RANDOM LINKS FOR 8/27/11
Aug 27th, 2011 by Clark Humphrey

from alleewillis.com

  • The Martin Luther King Memorial in DC will not be dedicated this weekend as scheduled, due of course to the hurricane. That gives more time for critics to bash the whole thing—for being designed and built in China (allegedly by unpaid labor); for being backed by big corporate interests King might have protested against; and for generally depicting King as a “dreamer,” not the rabble rouser and afflicter of the comfortable he really was.
  • Veterans’ activists allege the suicide of a Ft. Lewis soldier a few weeks ago should be considered murder, committed by a military that utterly fails to tend to Iraq vets’ post-traumatic and other disorders.
  • Campagne, the longtime upscale Pike Place Market restaurant that’s produced the annual Post Alley Bastille Day fetes, will now be called “Marché.” I guess it’s OK since that outfit a couple blocks away isn’t using the word anymore.
  • The Boeing 787 was officially approved for passenger travel, more than three years behind schedule.
  • Erica C. Barnett asks why the $400,000 the City contributes toward Metro Transit’s potentially doomed Ride Free Area couldn’t instead be used to buy automatic ticket-selling machines. Because that’s not free downtown transit for the people who need it, that’s why!

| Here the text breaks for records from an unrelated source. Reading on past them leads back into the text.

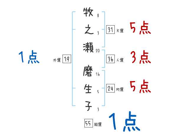 外運![]() | 牧之瀬磨生子さんの外運は19画の1つ星!優れた才能を持ちますが、協調性が足りないことも。周りの人と協力する事を意識しましょう。 生活面を象徴する運勢です。外部から受ける影響力を表し、結婚運、家庭運や職場、環境への順応性を表します。 |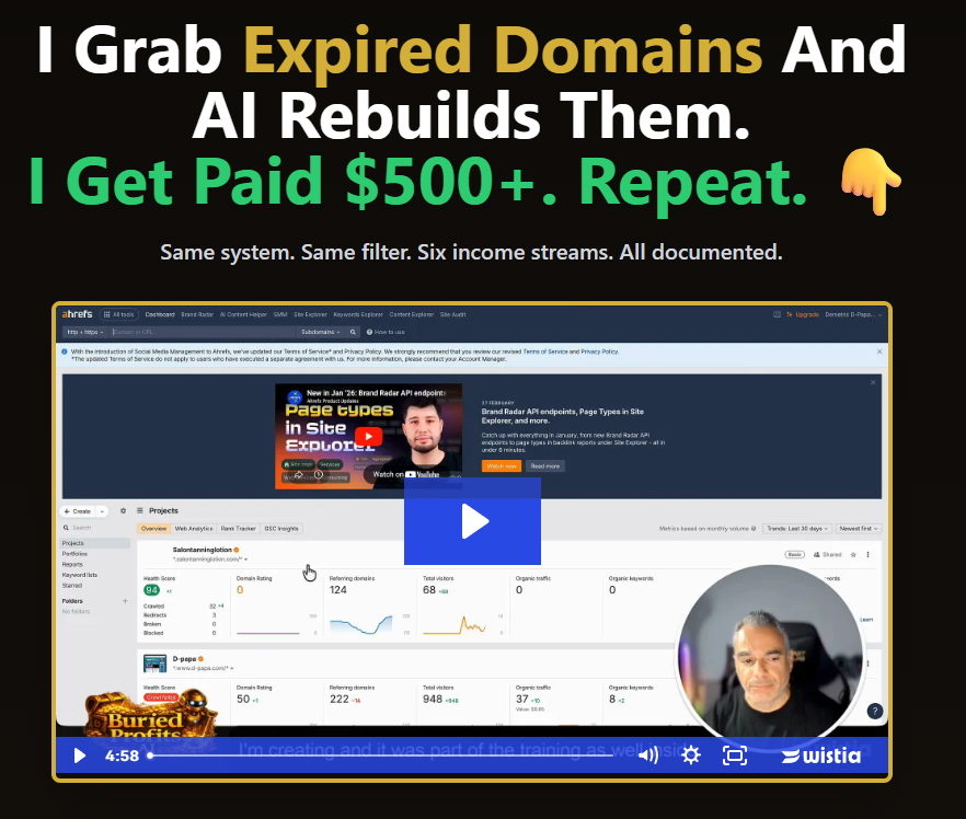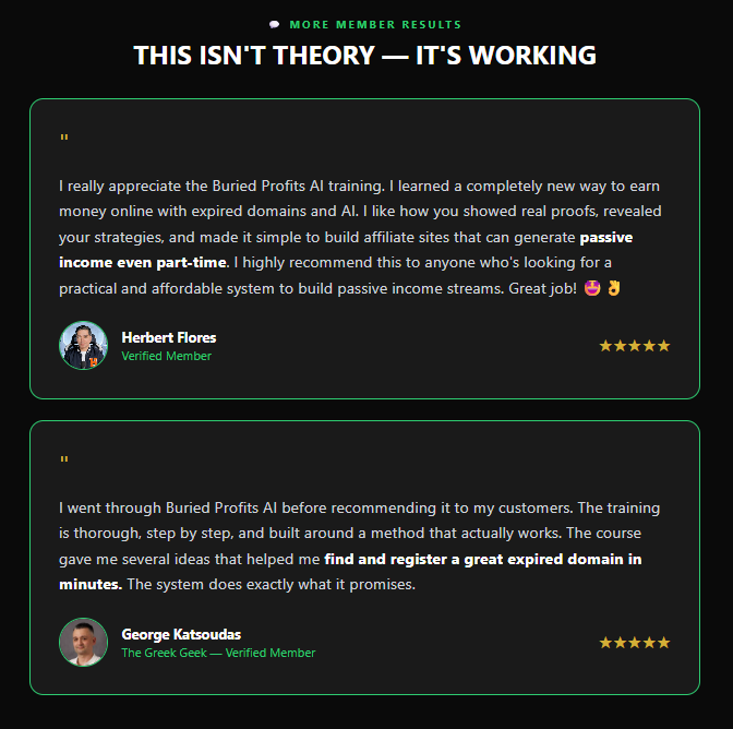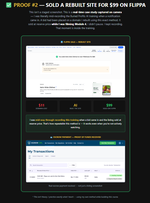 Buried Profits AI is a step-by-step training system that shows you how to find expired domains with existing value and use AI to rebuild and monetize them.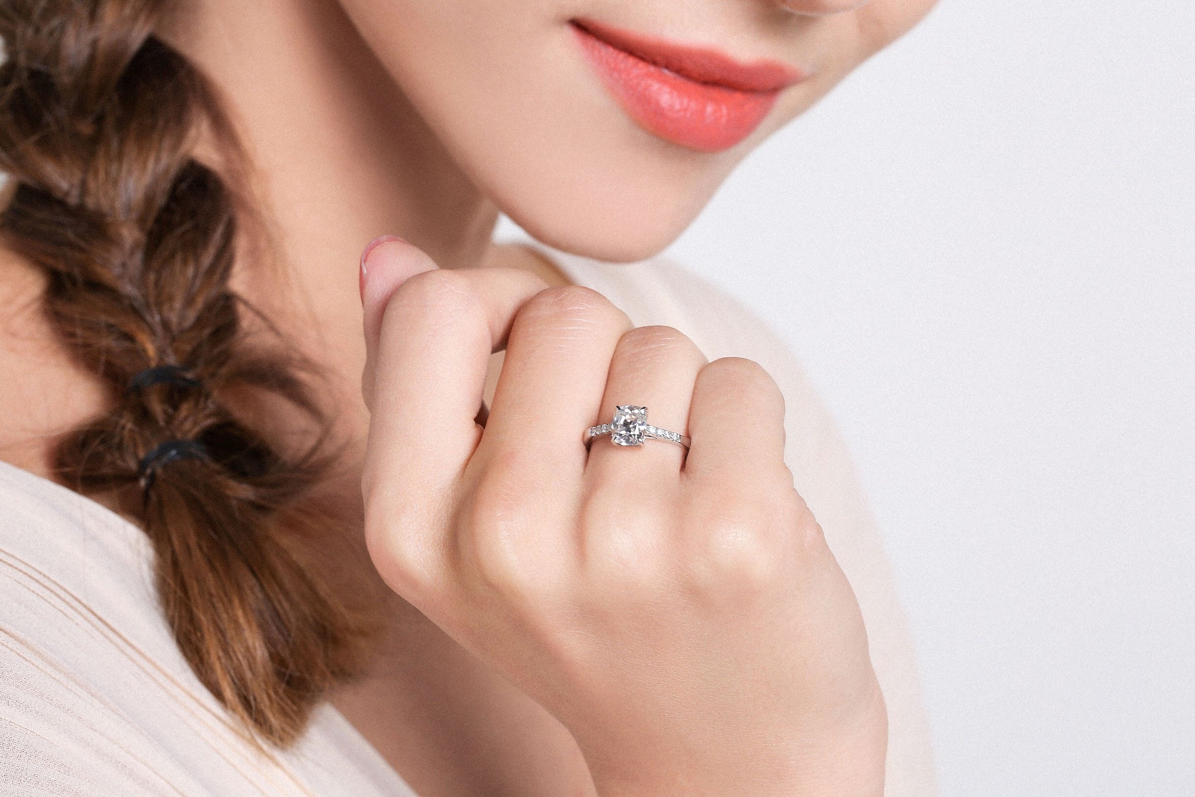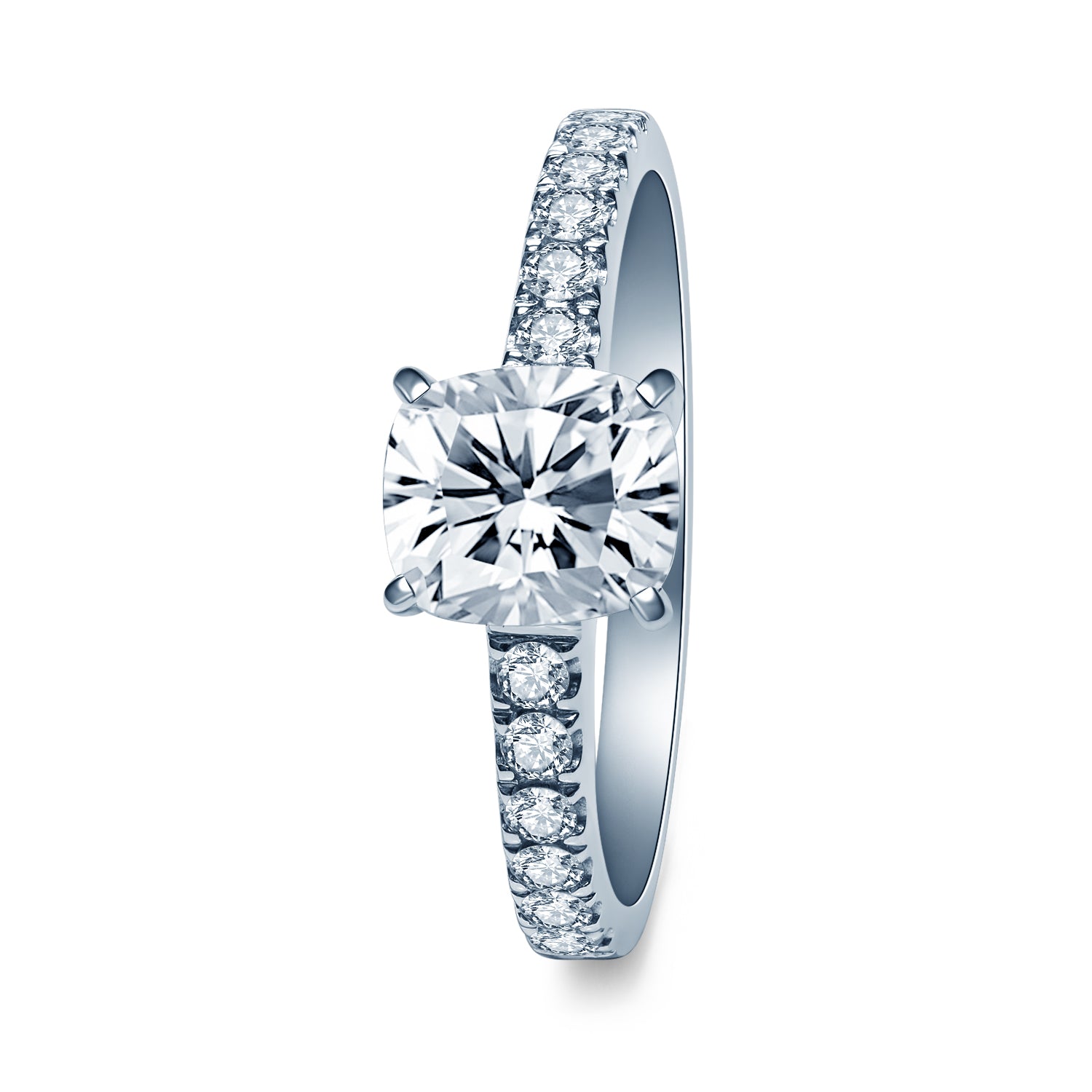 センターストーン:クッションカット、モアサナイト1.0カラットまたは3.0カラットよりお選びいただけます。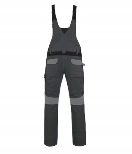 Practical dungarees in a variety of attractive colours with functional details, such as plastic buttons and zips, an ID card holder clip and a variety of pockets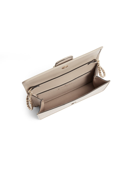 Sleek and understated, the Belmont Clutch Bag is a design that exudes elegance. LIke other members of the Belmont family, it features our statement cutout chevron buckle in shiny light gold – plus piping detail and a classic chain handle - all in a compact clutch bag shape.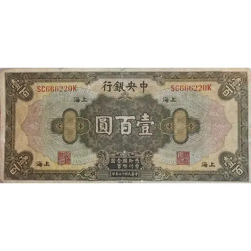 | Reverse lettering | THE CENTRAL BANK OF CHINA PROMISES TO PAY THE BEARER ON DEMAND AT ITS OFFICE HERE ONE HUNDRED DOLLARS NATIONAL CURRENCY SHANGHAI 1928 AMERICAN BANK NOTE COMPANY |

  • In other transportation news, the Sightline Institute has the good news that young adults are driving a lot less these days.
  • MSNBC host Dylan Ratigan has a new name for the billionaires and their cronies grifting from the rest of us for their own needless gain—”corporate communism.”
  • Was your favorite American-made electric guitar built with endangered imported wood?